Python script to find EC2 instances running for more than 7 days without a Project tag and send a compliance alert email using AWS SES.

January 20, 2025 8 min read ~15 min to complete DB
The Situation

Cloud governance script for enforcing mandatory tagging policies — finds ghost instances and alerts the infra team before they inflate the bill.

5 Steps
4 Services Used
~15 min Duration
Intermediate Difficulty

Problem Statement

Your organization mandates every EC2 instance must carry a Project tag (for billing allocation).

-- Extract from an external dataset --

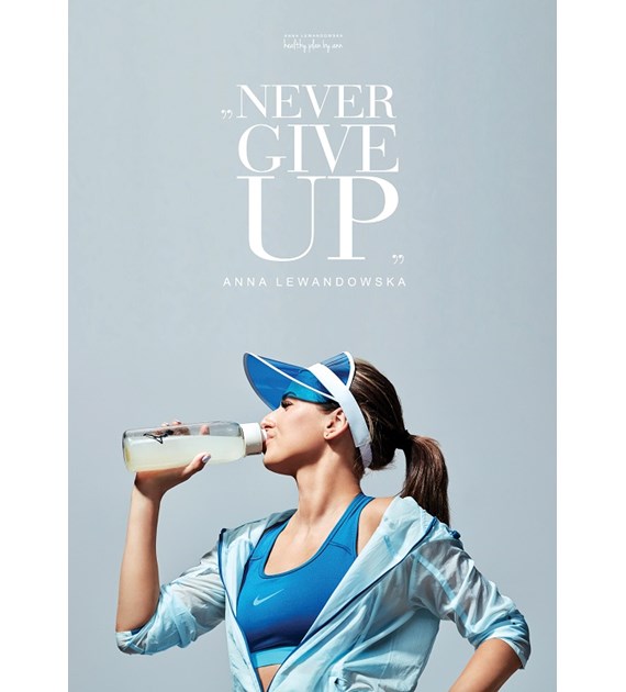– kontrastowa grafika z motywującym hasłem „Never Give up!”,

Engineers spin up dev instances and forget them for weeks. Without a governance script, you discover the oversight only on the monthly bill.

Goal: Write a Python script that:

  • Scans all running EC2 instances
  • Identifies any running more than 7 days that are missing the Project tag
  • Sends a formatted compliance alert email via AWS SES

Required IAM Permissions

{
  "Version": "2012-10-17",
  "Statement": [
    {
      "Effect": "Allow",
      "Action": ["ec2:DescribeInstances"],
      "Resource": "*"
    },
    {
      "Effect": "Allow",
      "Action": ["ses:SendEmail"],
      "Resource": "arn:aws:ses:us-east-1:123456789012:identity/[email protected]"
    }
  ]
}

SES prerequisite: Verify both the sender and recipient email addresses (or the domain) in the SES console before running this script.


Complete Script

import boto3
from datetime import datetime, timezone, timedelta


def find_untagged_long_running_instances(region: str = "us-east-1") -> list[dict]:
    """
    Returns a list of violation dicts for instances that have been
    running > 7 days without a 'Project' tag.
    """
    ec2 = boto3.client("ec2", region_name=region)
    ses = boto3.client("ses", region_name=region)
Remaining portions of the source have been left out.